For more details, check Sulc A., Event2Vector: A Geometric Approach to Learning Composable Representations of Event Sequences

Installation

Install the package directly from PyPI:

pip install event2vector

Or install from source:

git clone https://github.com/sulcantonin/event2vec_public.git
cd event2vec_public
pip install .

Brown Corpus POS tagging example

After installation, you can try to run Brown Part-of-Speech tagging example from the paper.

python3 -m experiments.prepare_brown_data.py
python3 -m experiments.train_brown_data.py
python3 -m experiments.visualize_brown_corpus.py

Quickstart (tiny synthetic dataset)

The snippet below trains a small EuclideanModel on a toy event graph for a few epochs and prints an embedding for a short sequence. It runs in seconds on CPU.

We have 5 events: START, A, B, C, END and we test if we add START + A + C ~ C. The example should be self contained for educational purposes, as the main interest is the loss function.

import random
import torch
import numpy as np
from sklearn.decomposition import PCA
import matplotlib.pyplot as plt

# Reproducibility: fix all relevant seeds so results are stable across runs
SEED = 42
random.seed(SEED)                    # Python's RNG (used by get_sequences and shuffling)
np.random.seed(SEED)                 # NumPy RNG (used by PCA and any NumPy ops)
torch.manual_seed(SEED)              # Torch CPU RNG
if torch.cuda.is_available():
    torch.cuda.manual_seed_all(SEED) # Torch CUDA RNG (all devices)

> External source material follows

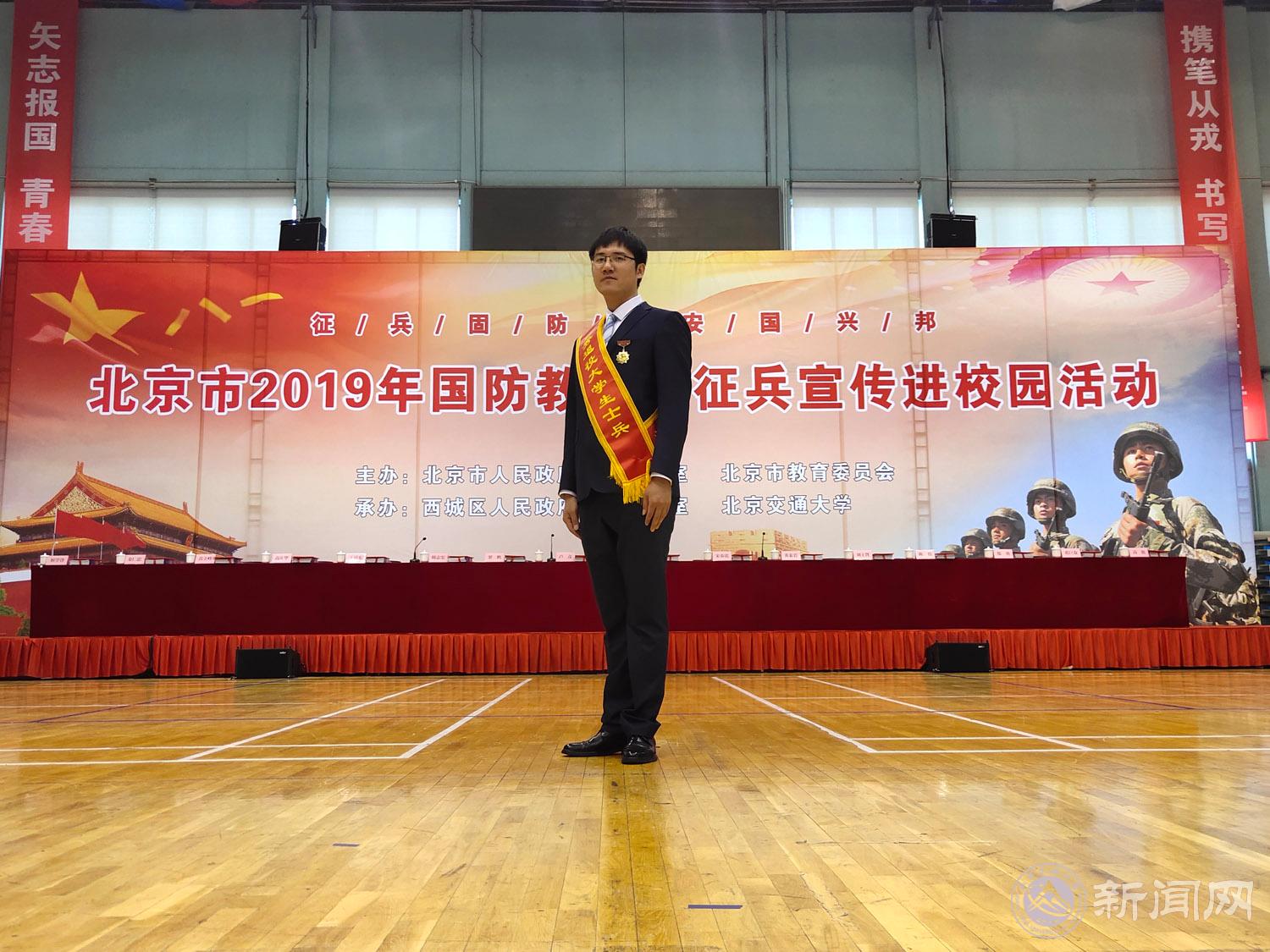 5月11日下午,北京市2019年国防教育暨征兵宣传进校园活动在北京交通大学体育馆举行,beat365官网武装部部长郑泰平应邀出席活动。经济管理学院研究生刘晨阳同学获评2019年度北京市优秀在校退役大学生士兵,并入选北京市优秀退役大学生士兵宣讲团。

# Optional: prefer deterministic behavior in cuDNN (may have performance impact)
torch.backends.cudnn.deterministic = True
torch.backends.cudnn.benchmark = False

# Expected results (for the tiny toy graph START→A/B→C→END):
# - Training loss should decrease over epochs (with minor wobble due to randomness/dropout).
# - The printed sequence embedding for [START, A, C] is a single 8-D vector (shape (1, 8)).
# - Nearest tokens by cosine similarity to that sequence embedding should rank 'C' highest
#   (since the encoder is additive and the last token is C), with 'END' somewhat aligned.
# - The decoder's top-1 next-event probability from that state should be 'END' with high
#   confidence (≈0.9+) because the toy transitions force C→END.
# Visualization (below): a 2D PCA of token embeddings plus the sequence embedding should show
# 'SEQ(START-A-C)' lying near the point labeled 'C'.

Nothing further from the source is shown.